Actress Doris Day Dies Aged 97
Doris Day, whose wholesome screen presence stood for a time of innocence in films in the 1960s, has died aged 97.
The actor died early on Monday at her home in Carmel Valley, California, surrounded by close friends, the Doris Day Animal Foundation confirmed.
"Day had been in excellent physical health for her age, until recently contracting a serious case of pneumonia, resulting in her death," the foundation said in an emailed statement.
The foundation also said she requested "no funeral or memorial service and no grave marker".
The honey-voiced singer and actor whose film dramas, musicals and innocent sex comedies made her a top star in the 1950s and 1960s was among the most popular screen actresses in history.
With her lilting contralto and beauty, she was a top box office draw and recording artist known for such films as Pillow Talk and for such songs as 'Whatever Will Be, Will Be (Que Sera, Sera)' from the Alfred Hitchcock film The Man Who Knew Too Much.

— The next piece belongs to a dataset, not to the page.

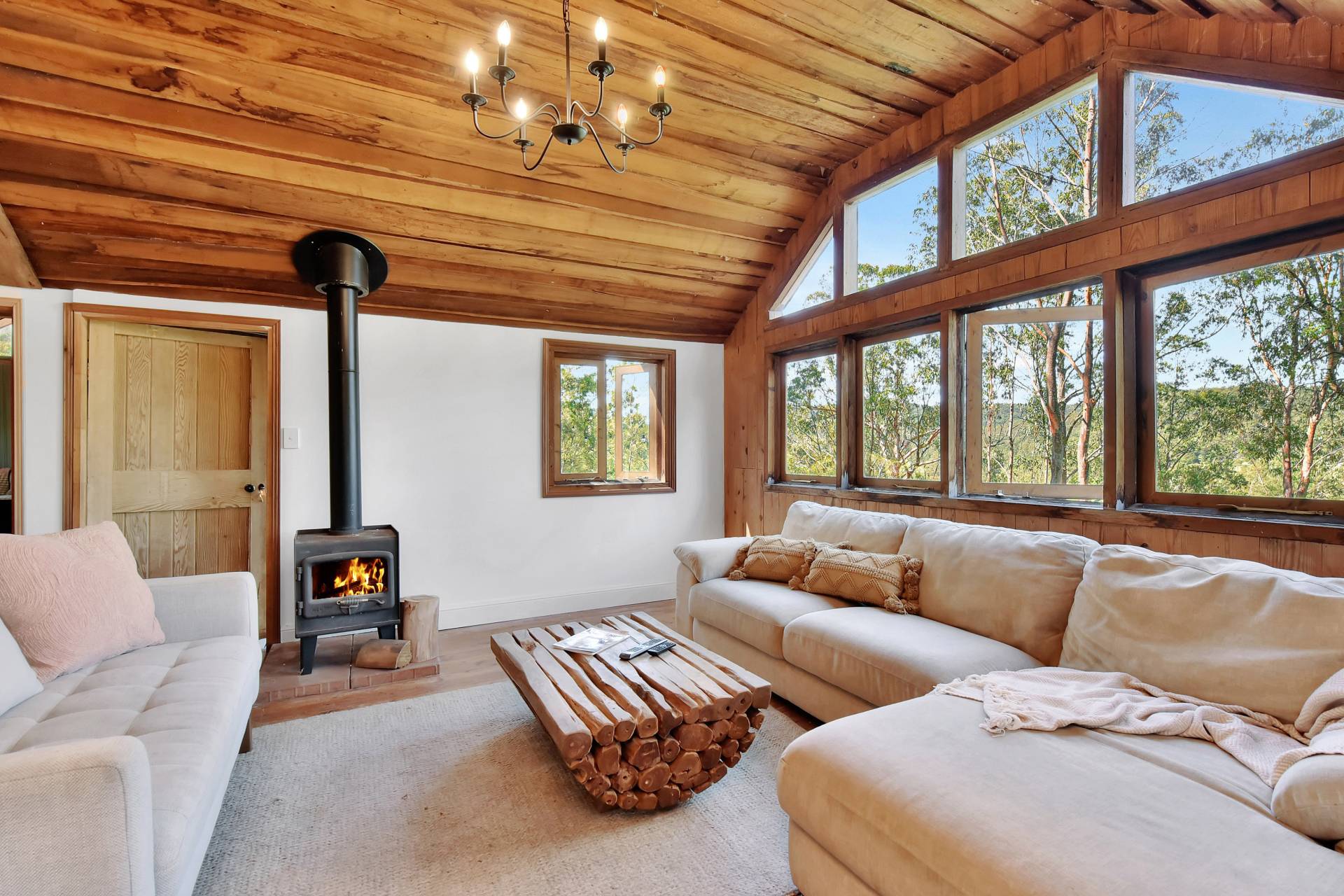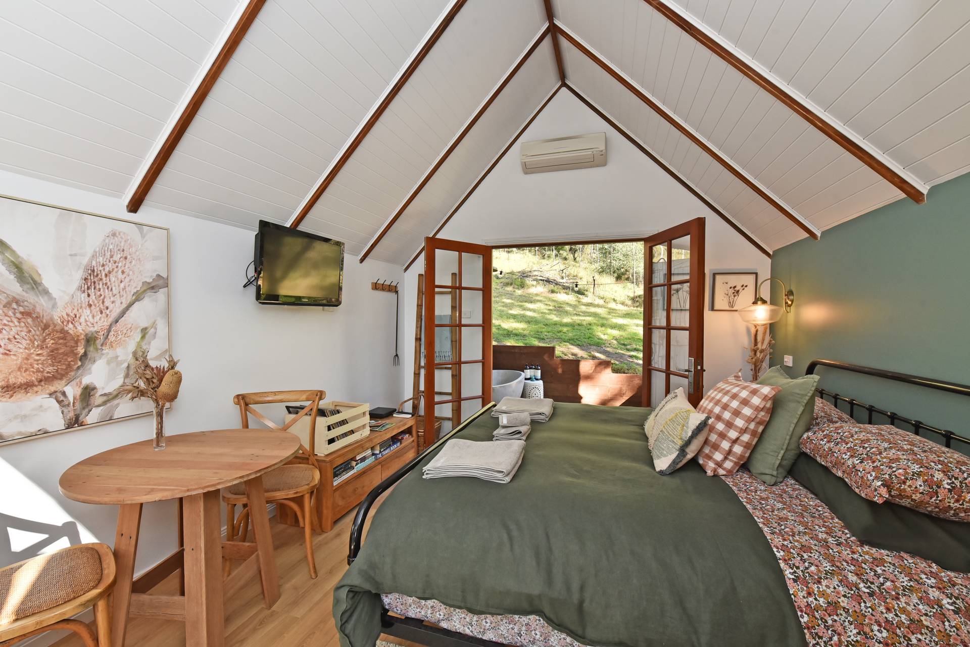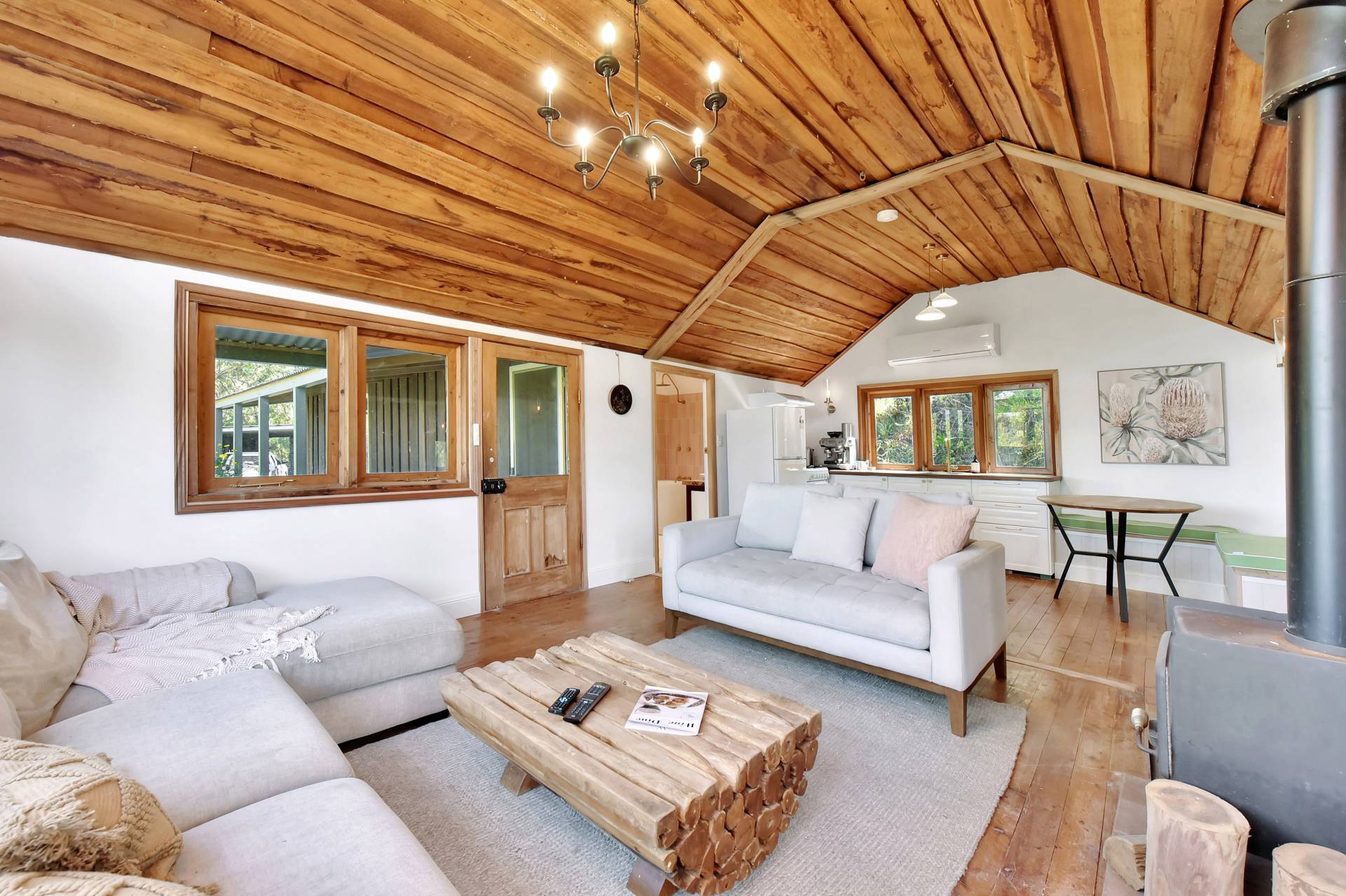 The 2-bedroom Australiana inspired retreat features a refined rustic touch throughout. Open plan spaces, kitchen with electric & gas cooking facilities, large bathroom combined bath & shower, split system reverse cycle air conditioning and a cosy slow combustion wood fireplace. Undercover verandahs look out over the surrounding valleys and grassy parklike grounds.

AE Hotchner, who collaborated with Day on her memoir, said she had a "sweet and sour" existence.
"She was such a positive, absolutely enchanting woman," he told The Associated Press. "And she was so loved."
Paul McCartney, a friend, called Day "a true star in more ways than one".
"Visiting her in her Californian home was like going to an animal sanctuary where her many dogs were taken care of in splendid style," he said in a statement.
"She had a heart of gold and was a very funny lady who I shared many laughs with."
Her 1976 tell-all book, Doris Day: Her Own Story, chronicled her money troubles and three failed marriages.
"I have the unfortunate reputation of being Miss Goody Two-Shoes, America's Virgin, and all that, so I'm afraid it's going to shock some people for me to say this, but I staunchly believe no two people should get married until they have lived together," she wrote.
She never won an Academy Award, but Day was given a Presidential Medal of Freedom in 2004.
In recent years she spent much of her time advocating for animal rights.
Born to a music teacher and a housewife, she had dreamed of a dance career, but at age 12 her leg was badly broken in an accident.
Listening to the radio while recuperating, she began singing along with Ella Fitzgerald, and later began singing in a Cincinnati radio station, then a local nightclub, then in New York.
A bandleader changed her name to Day, after the song 'Day After Day', to fit it on a marquee.
Singing at a Hollywood party in 1947 led to early stardom and after a stint at Warner Bros, Day won the best notices of her career with Love Me Or Leave Me in 1955.
She followed with another impressive film, Hitchcock's The Man Who Knew Too Much and the 1958 comedy Teacher's Pet.
But she found her greatest success in slick, stylish sex comedies, beginning with her Oscar-nominated role in Pillow Talk.